Aprendizado não supervisionado

O aprendizado não supervisionado ocorre quando os dados não possuem rótulos previamente conhecidos, ou seja, o algoritmo precisa encontrar estruturas internas nos dados. Autores como Bishop (2006) destacam que esse tipo de abordagem é essencial para descobrir padrões latentes em conjuntos de dados complexos.

Um exemplo clássico é a técnica de agrupamento (do inglês clustering), em que o modelo tenta separar os dados em grupos semelhantes. Em uma base de clientes, por exemplo, um algoritmo pode encontrar grupos de consumidores com comportamentos parecidos, mesmo sem que alguém tenha informado previamente quais grupos existem.

Os métodos de aprendizado não supervisionado mais comuns são:

  1. K-means
  2. Agrupamento hierárquico
  3. DBSCAN
  4. PCA
  5. Métodos de associação

A biblioteca scikit-learn também possui métodos implementados em forma de módulos que aplicam as ideias destes algoritmos e que podem ser usados em nossos próprios códigos (Scikit-learn, 2026). Para ler mais sobre o funcionamento dos algoritmos de aprendizado não supervisionado, clique aqui.

Aprendizado por reforço

O aprendizado por reforço é diferente dos dois anteriores porque envolve um agente que interage com um ambiente. O agente executa ações, recebe recompensas ou punições e aprende uma política de comportamento para maximizar a recompensa acumulada ao longo do tempo.

Sutton e Barto (2018) explicam que o aprendizado por reforço é especialmente adequado para problemas sequenciais, nos quais uma decisão atual afeta estados e recompensas futuras. Exemplos incluem jogos, robótica, navegação autônoma e sistemas de recomendação adaptativos.

Os métodos de aprendizado por reforço mais comuns são:

  1. Métodos de programação dinâmica
  2. Monte Carlo
  3. SARSA
  4. Q-learning
  5. Deep Q-Networks
  6. Métodos de gradiente de política

Em cursos introdutórios, o Q-learning e o SARSA costumam ser os mais didáticos porque mostram claramente a lógica de estados, ações, recompensas e atualização de valor.

A biblioteca scikit-learn também possui métodos implementados em forma de módulos que aplicam as ideias destes algoritmos e que podem ser usados em nossos próprios códigos (Scikit-learn, 2026).
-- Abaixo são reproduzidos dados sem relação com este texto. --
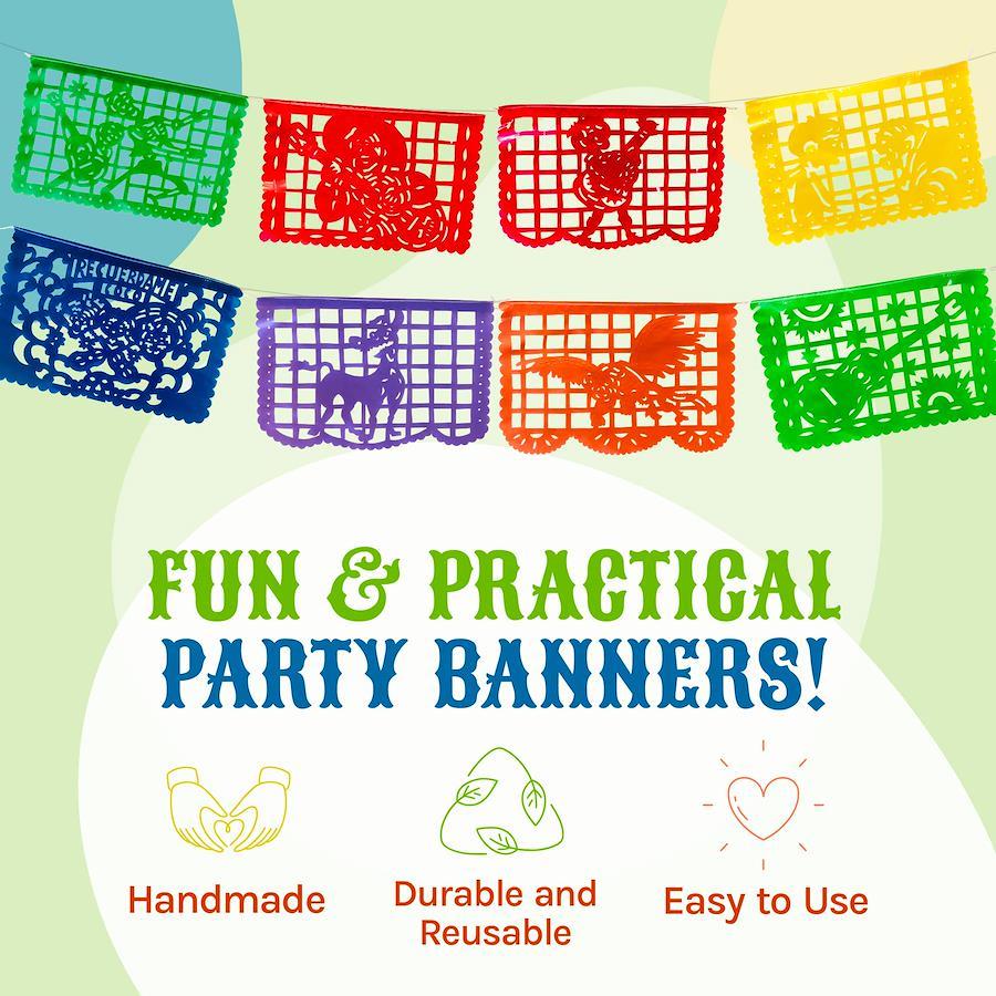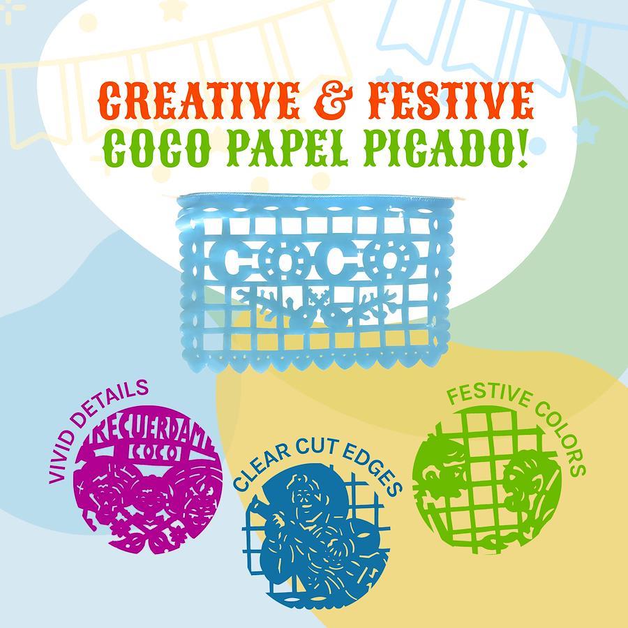 2本のココをインスパイアしたカンティナスタイルのバナーで、春祭りやシンコ・デ・マヨのお祝いをさらに華やかにしましょう。 各フラッグは高さ8.5インチ、幅12.5インチ、24個が含まれています。 各16フィートの紐は吊るしやすく、ママココはとても誇りです。

Para ler mais sobre o funcionamento dos algoritmos de aprendizado por reforço, clique aqui.

Conclusão

A etapa inicial para se trabalhar com Machine Learning é compreender o problema, analisar os dados, identificar as variáveis, tratar as inconsistências e preparar a base para que o modelo possa aprender de forma adequada.

Dentro dessa linha de estudo, temos as técnicas e algoritmos de aprendizado supervisionado, não supervisionado e por reforço. Elas representam três formas distintas de aprendizagem computacional, mas todas dependem de uma boa representação do problema.

A diferença entre essas três áreas pode ser resumida da seguinte maneira:

  • no aprendizado supervisionado, o algoritmo aprende com respostas conhecidas;
  • no aprendizado não supervisionado, o algoritmo aprende padrões sem respostas previamente definidas;
  • no aprendizado por reforço, o algoritmo aprende por tentativa, erro e recompensa.

Essa distinção é simples do ponto de vista conceitual, mas tecnicamente profunda, pois cada área vai exigir formas diferentes de representar dados, avaliar resultados e lidar com incerteza. É necessário compreender o que os dados representam, que tipo de problema está sendo resolvido, quais hipóteses o algoritmo assume e quais decisões humanas foram tomadas durante o pré-processamento.

Obrigado pela leitura e bons estudos!

Referências

BISHOP, Christopher M. Pattern Recognition and Machine Learning. New York: Springer, 2006.

JOSHI, Ameet V. Machine Learning and Artificial Intelligence. 2. ed. Cham: Springer, 2022.

MITCHELL, Tom M. Machine Learning. New York: McGraw-Hill, 1997.

MOHRI, Mehryar; ROSTAMIZADEH, Afshin; TALWALKAR, Ameet. Foundations of Machine Learning. 2. ed. Cambridge: MIT Press, 2018.

SCIKIT-LEARN. User Guide. 2026. Disponível em: <https://scikit-learn.org/stable/user_guide.html>. Acesso em: 5 mai. 2026.

SUTTON, Richard S.; BARTO, Andrew G. Reinforcement Learning: An Introduction. 2. ed. Cambridge: MIT Press, 2018.